Probability – Is the Law of Large Numbers Empirically Proven?

applicationslaw-of-large-numbersprobabilitystatistics

Does this reflect the real world and what is the empirical evidence behind this?

Wikipedia illustration

Layman here so please avoid abstract math in your response.

The Law of Large Numbers states that the average of the results from multiple trials will tend to converge to its expected value (e.g. 0.5 in a coin toss experiment) as the sample size increases. The way I understand it, while the first 10 coin tosses may result in an average closer to 0 or 1 rather than 0.5, after 1000 tosses a statistician would expect the average to be very close to 0.5 and definitely 0.5 with an infinite number of trials.

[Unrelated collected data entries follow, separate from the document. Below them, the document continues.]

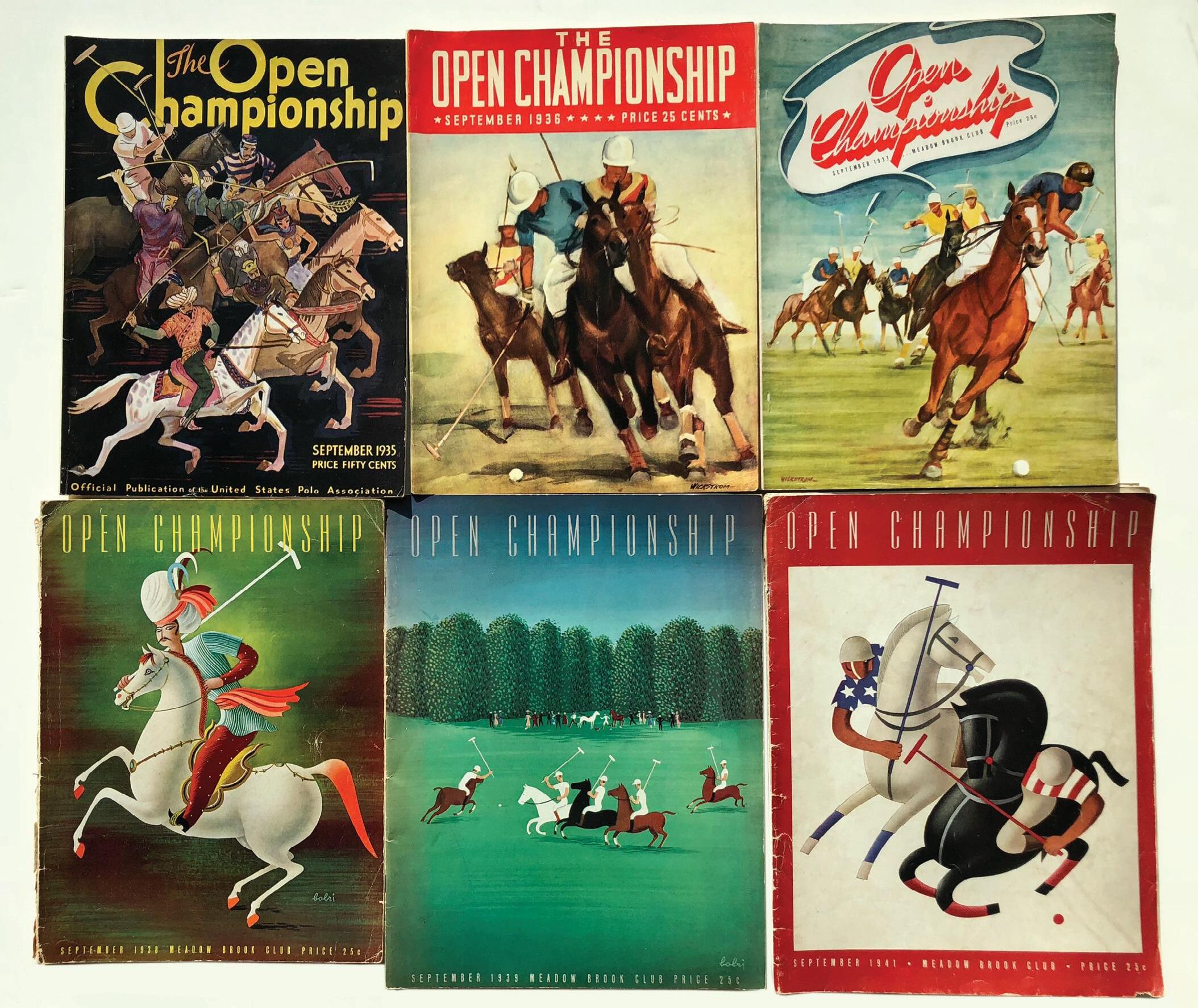In terms of the “usual suspects,” the aforementioned Meadow Brook Club needs to be singled out as one of the organizations that played a pivotal role in the creation of the modern-day polo program. Illustrative of a breakout program was the one for the 1924 Westchester Cup, which was large (7¾ inches by 11¼ inches), which contained a staggering 130 pages and was replete with game specifics (e.g. team line-ups, player biographies, a list of boxholder occupants, abbreviated rules of the game, etc.), photographs, feature articles and advertisements. Other early pioneering programs included those for the 1923 and 1926 Open Championships that sported full-color covers.
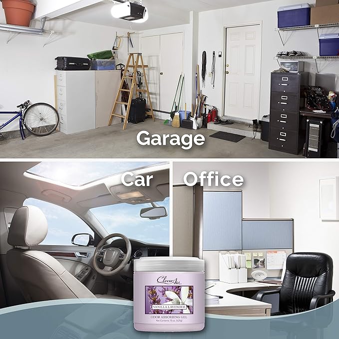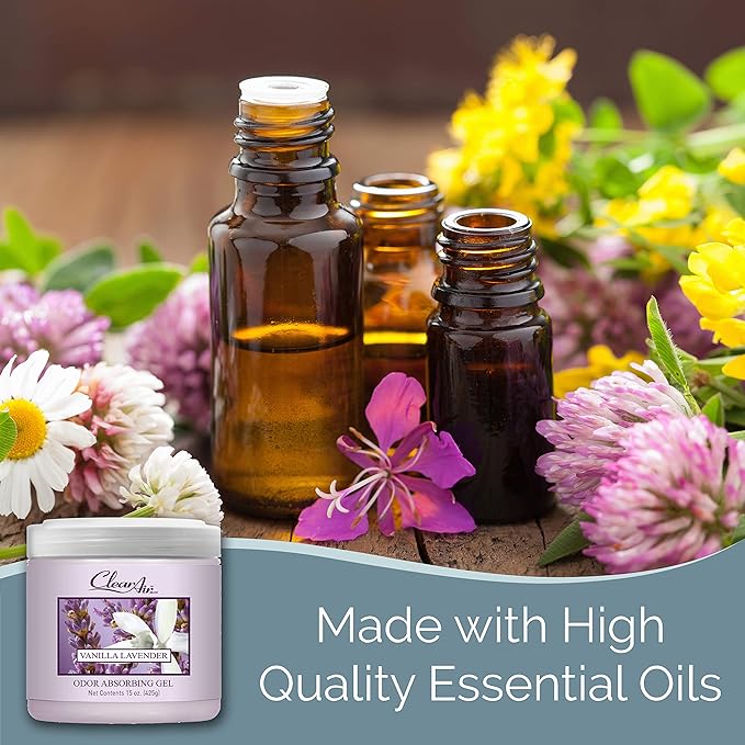 Clear Air Odor Absorber Gel - 15 oz, Pack of 2 - Air Freshener Absorbs and Eliminates Odors in Bathrooms, Cars, Boats, RVs and Pet Areas - Made with Essential Oils - Lavender Vanilla Scent
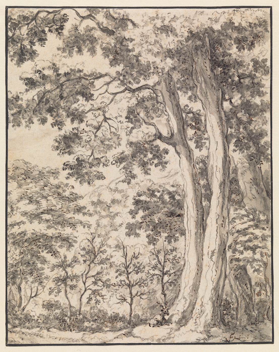 Een bosgezicht met een hert
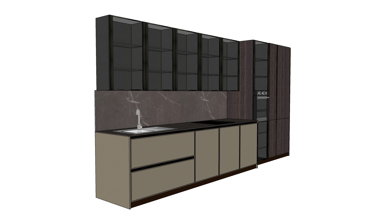 18. File Sketchup tủ bếp kịch trần gỗ Walnut sang trọng
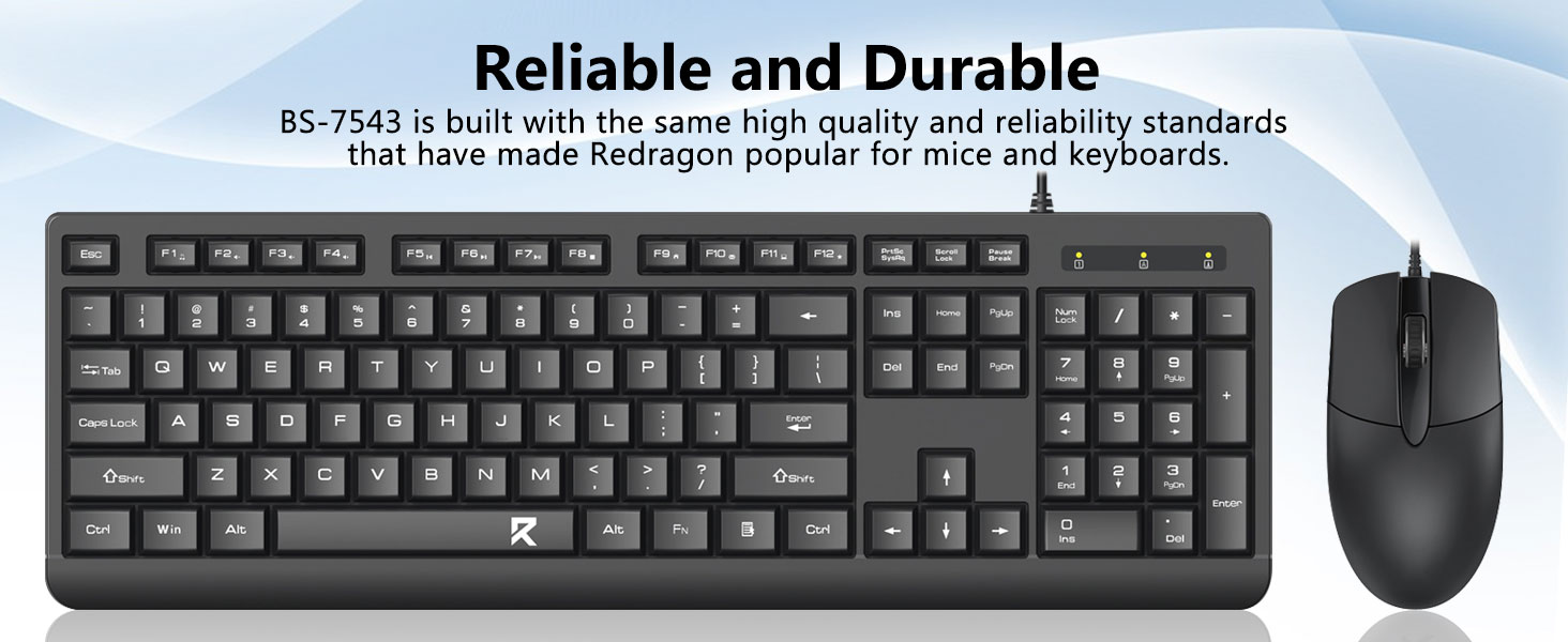 Uzunmüddətli etibarlılıq üçün nəzərdə tutulmuş klaviatura və siçan gündəlik istifadəyə tab gətirə bilən davamlı materiallardan hazırlanıb. Klassik qara rəng ofis iş stansiyalarından tutmuş ev masalarına qədər geniş çeşidli kompüter qurğularını tamamlayır.

Given that a coin has no memory and each coin toss is independent, what physical laws would determine that the average of all trials will eventually reach 0.5. More specifically, why does a statistician believe that a random event with 2 possible outcomes will have a close to equal amount of both outcomes over say 10,000 trials? What prevents the coin to fall 9900 times on heads instead of 5200?

Finally, since gambling and insurance institutions rely on such expectations, are there any experiments that have conclusively shown the validity of the LLN in the real world?

EDIT: I do differentiate between the LLN and the Gambler's fallacy. My question is NOT if or why any specific outcome or series of outcomes become more likely with more trials–that's obviously false–but why the mean of all outcomes tends toward the expected value?

FURTHER EDIT: LLN seems to rely on two assumptions in order to work:

The universe is indifferent towards the result of any one trial, because each outcome is equally likely
The universe is NOT indifferent towards any one particular outcome coming up too frequently and dominating the rest.

Obviously, we as humans would label 50/50 or a similar distribution of a coin toss experiment "random", but if heads or tails turns out to be say 60-70% after thousands of trials, we would suspect there is something wrong with the coin and it isn't fair. Thus, if the universe is truly indifferent towards the average of large samples, there is no way we can have true randomness and consistent predictions–there will always be a suspicion of bias unless the total distribution is not somehow kept in check by something that preserves the relative frequencies.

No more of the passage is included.